**WORK REQUIRED**
Below this sentence is a listing; return exactly its lines from the one with "电视机 > 微鲸(WHALEY)WTV55K1J 55英寸智能4K超清 平板电视..." to the one with "QUALITÄT - Hochwertiger", both kept, and nothing more.

**GIVEN DATA**

↓

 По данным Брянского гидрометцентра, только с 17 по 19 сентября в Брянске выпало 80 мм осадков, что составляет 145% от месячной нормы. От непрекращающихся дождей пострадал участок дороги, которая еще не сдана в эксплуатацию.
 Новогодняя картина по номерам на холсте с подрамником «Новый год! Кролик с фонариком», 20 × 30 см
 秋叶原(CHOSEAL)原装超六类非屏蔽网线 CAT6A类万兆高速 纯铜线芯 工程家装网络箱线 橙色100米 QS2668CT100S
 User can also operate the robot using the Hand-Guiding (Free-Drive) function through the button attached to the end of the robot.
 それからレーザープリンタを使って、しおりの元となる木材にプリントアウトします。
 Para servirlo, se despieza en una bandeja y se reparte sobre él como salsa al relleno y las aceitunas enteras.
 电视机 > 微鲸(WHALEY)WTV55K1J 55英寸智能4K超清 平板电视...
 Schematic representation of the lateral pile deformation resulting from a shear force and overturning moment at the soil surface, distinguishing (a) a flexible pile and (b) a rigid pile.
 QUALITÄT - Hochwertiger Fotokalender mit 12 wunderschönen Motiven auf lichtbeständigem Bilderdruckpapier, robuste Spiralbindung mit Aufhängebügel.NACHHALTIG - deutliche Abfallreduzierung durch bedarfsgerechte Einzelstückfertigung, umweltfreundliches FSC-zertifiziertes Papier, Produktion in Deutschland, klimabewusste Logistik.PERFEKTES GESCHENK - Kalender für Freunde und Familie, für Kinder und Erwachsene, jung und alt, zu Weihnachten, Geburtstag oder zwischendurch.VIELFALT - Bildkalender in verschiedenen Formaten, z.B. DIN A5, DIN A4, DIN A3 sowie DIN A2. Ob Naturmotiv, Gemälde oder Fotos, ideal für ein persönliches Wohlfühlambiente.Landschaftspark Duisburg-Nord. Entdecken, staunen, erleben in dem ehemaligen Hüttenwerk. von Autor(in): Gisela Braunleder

↑
↓

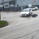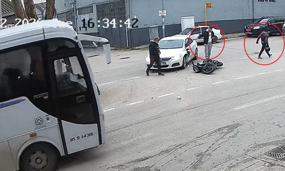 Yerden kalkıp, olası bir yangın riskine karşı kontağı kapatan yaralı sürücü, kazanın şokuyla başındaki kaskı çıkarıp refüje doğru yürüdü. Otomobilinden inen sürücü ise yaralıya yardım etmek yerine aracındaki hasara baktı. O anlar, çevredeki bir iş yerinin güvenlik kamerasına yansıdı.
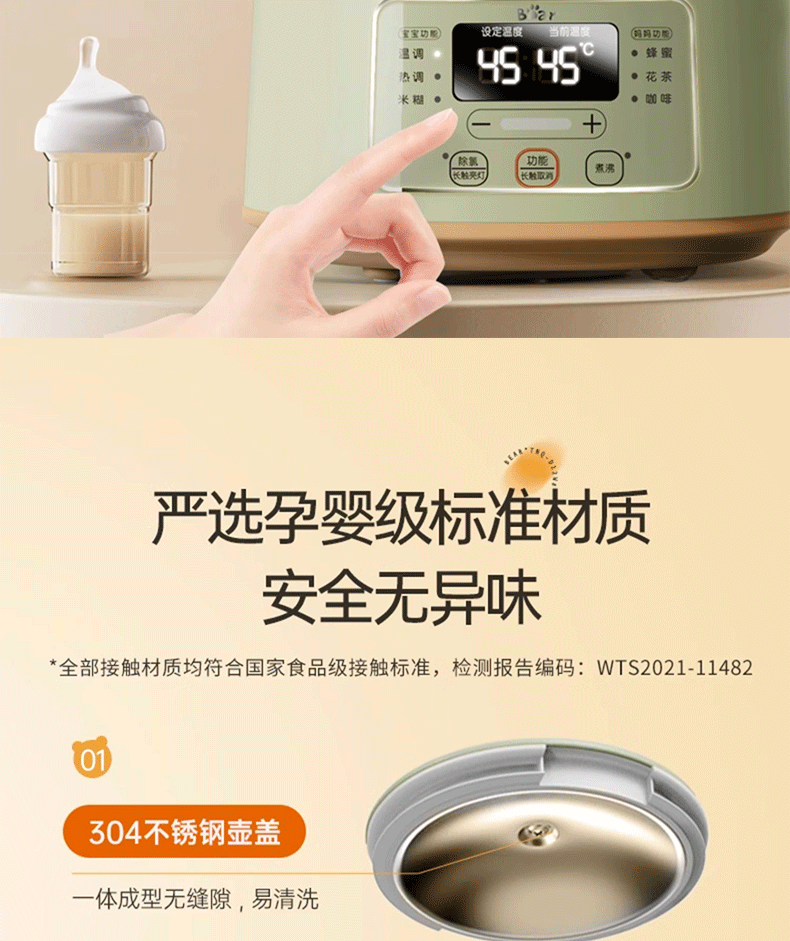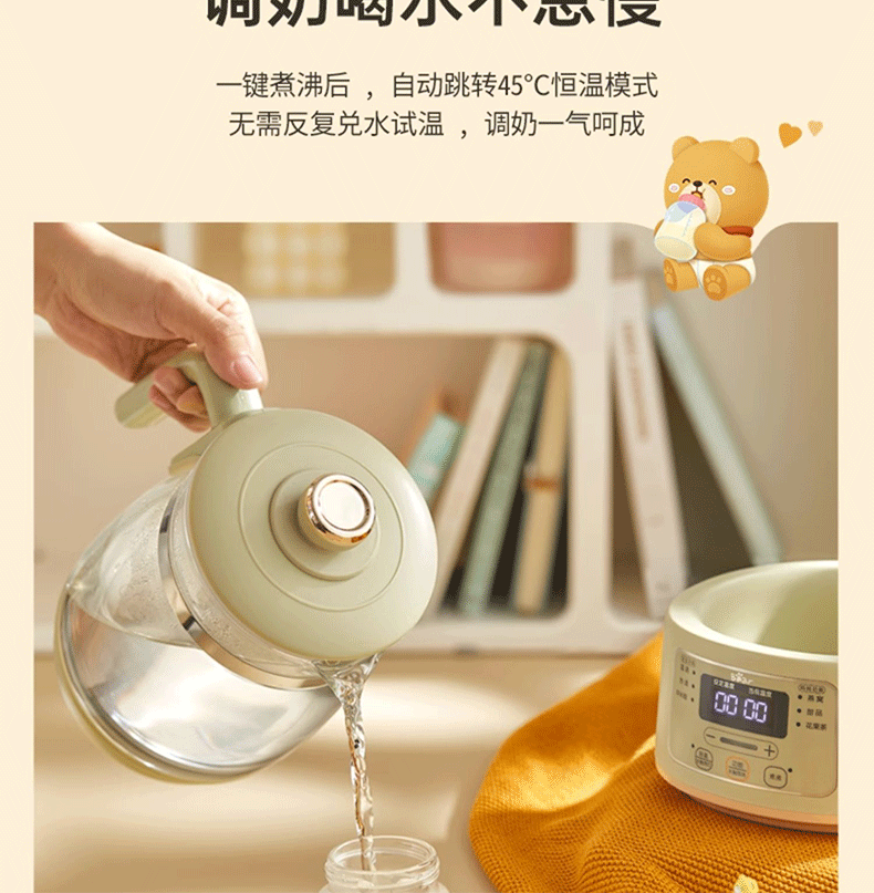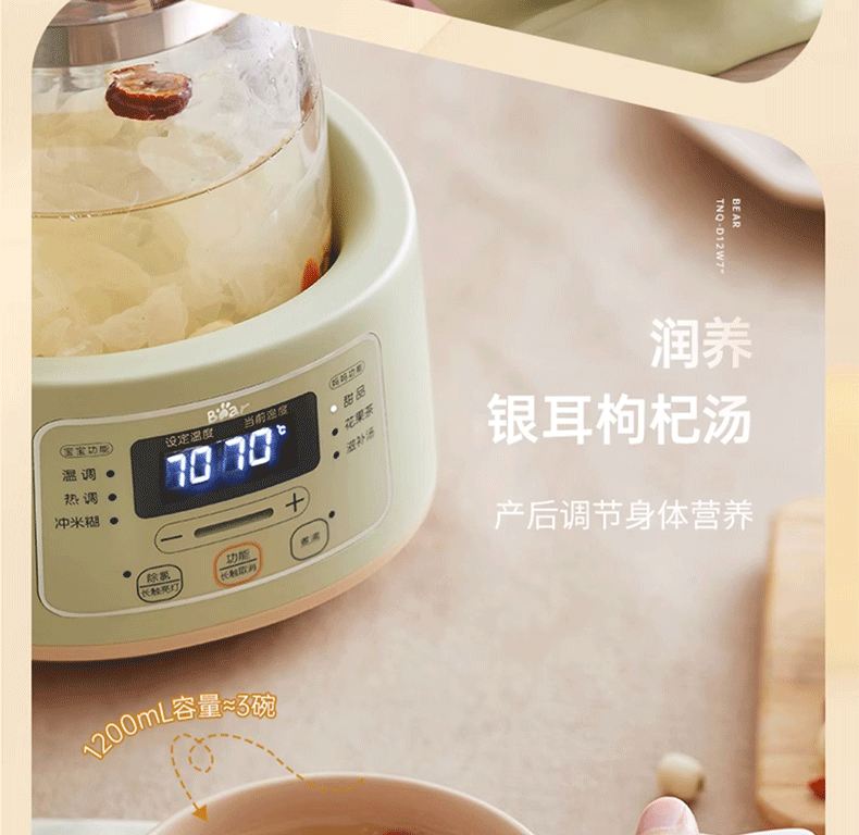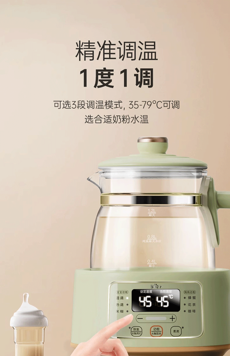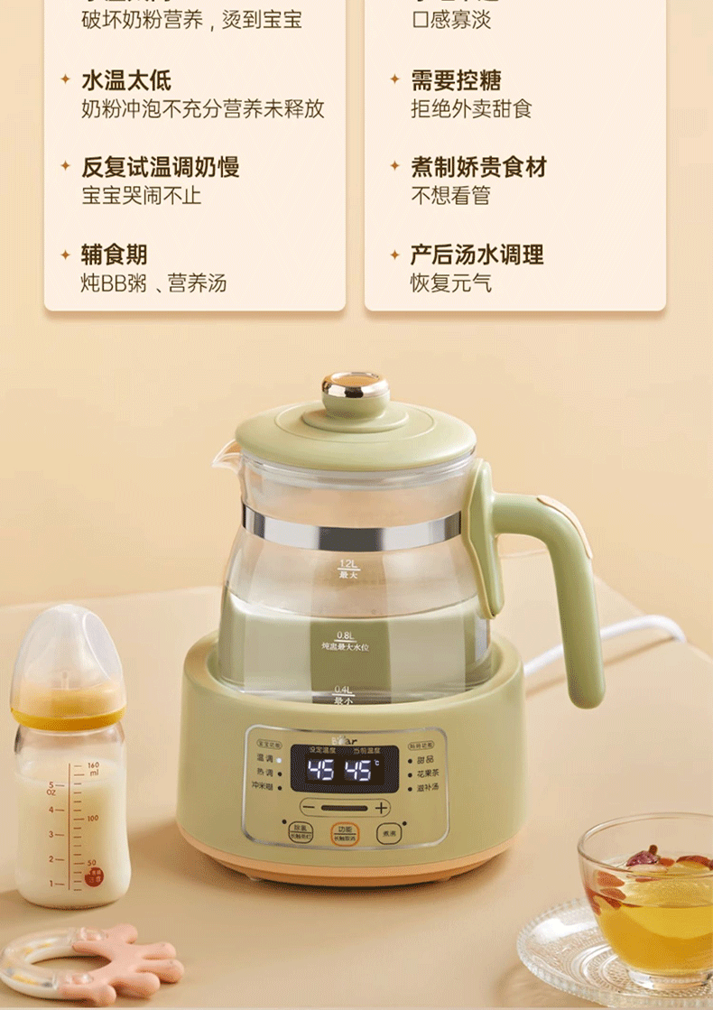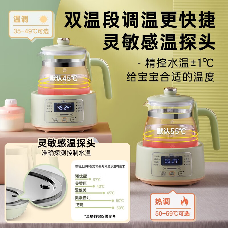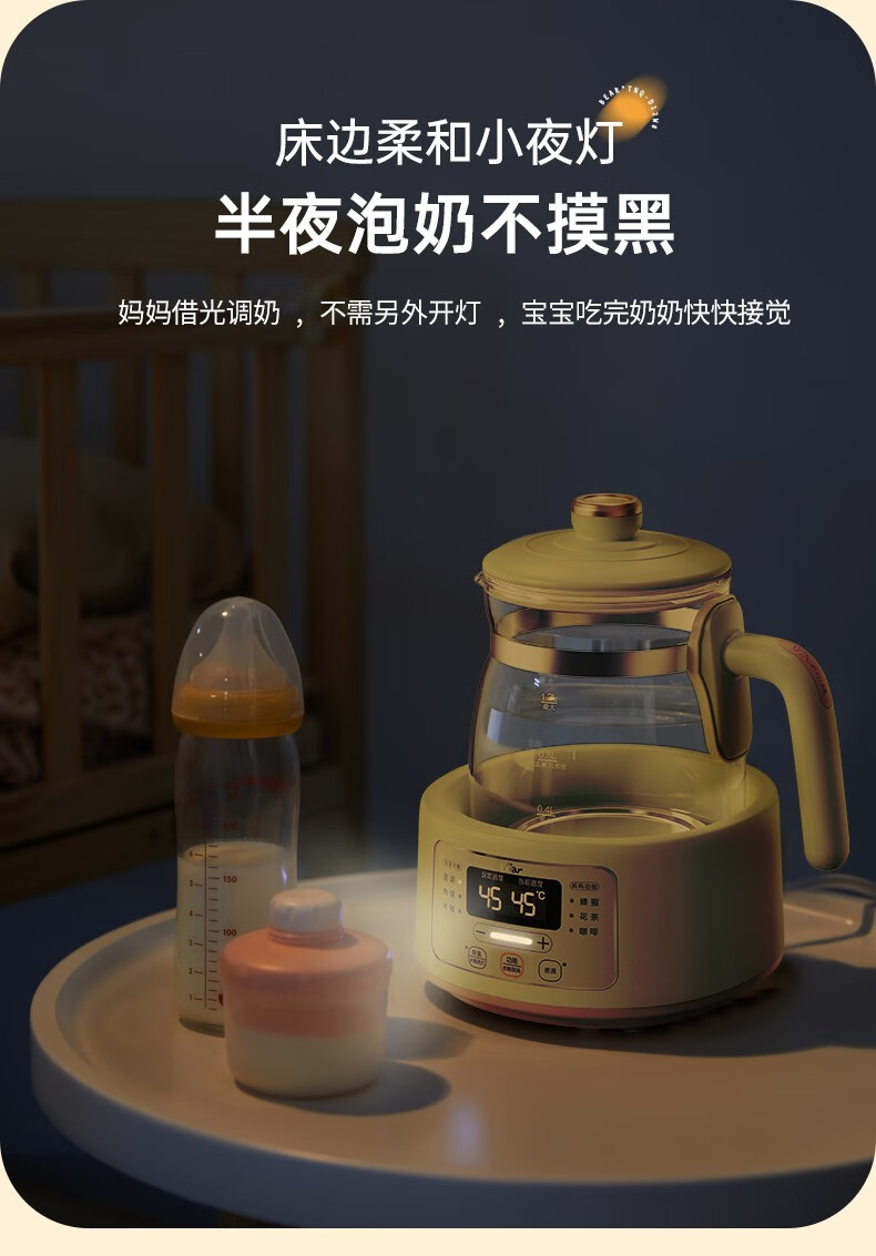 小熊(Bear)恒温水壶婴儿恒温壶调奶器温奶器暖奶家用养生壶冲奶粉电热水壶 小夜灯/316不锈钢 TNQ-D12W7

↑

**OUTPUT FOR THIS EXERCISE**
 电视机 > 微鲸(WHALEY)WTV55K1J 55英寸智能4K超清 平板电视...
 Schematic representation of the lateral pile deformation resulting from a shear force and overturning moment at the soil surface, distinguishing (a) a flexible pile and (b) a rigid pile.
 QUALITÄT - Hochwertiger Fotokalender mit 12 wunderschönen Motiven auf lichtbeständigem Bilderdruckpapier, robuste Spiralbindung mit Aufhängebügel.NACHHALTIG - deutliche Abfallreduzierung durch bedarfsgerechte Einzelstückfertigung, umweltfreundliches FSC-zertifiziertes Papier, Produktion in Deutschland, klimabewusste Logistik.PERFEKTES GESCHENK - Kalender für Freunde und Familie, für Kinder und Erwachsene, jung und alt, zu Weihnachten, Geburtstag oder zwischendurch.VIELFALT - Bildkalender in verschiedenen Formaten, z.B. DIN A5, DIN A4, DIN A3 sowie DIN A2. Ob Naturmotiv, Gemälde oder Fotos, ideal für ein persönliches Wohlfühlambiente.Landschaftspark Duisburg-Nord. Entdecken, staunen, erleben in dem ehemaligen Hüttenwerk. von Autor(in): Gisela Braunleder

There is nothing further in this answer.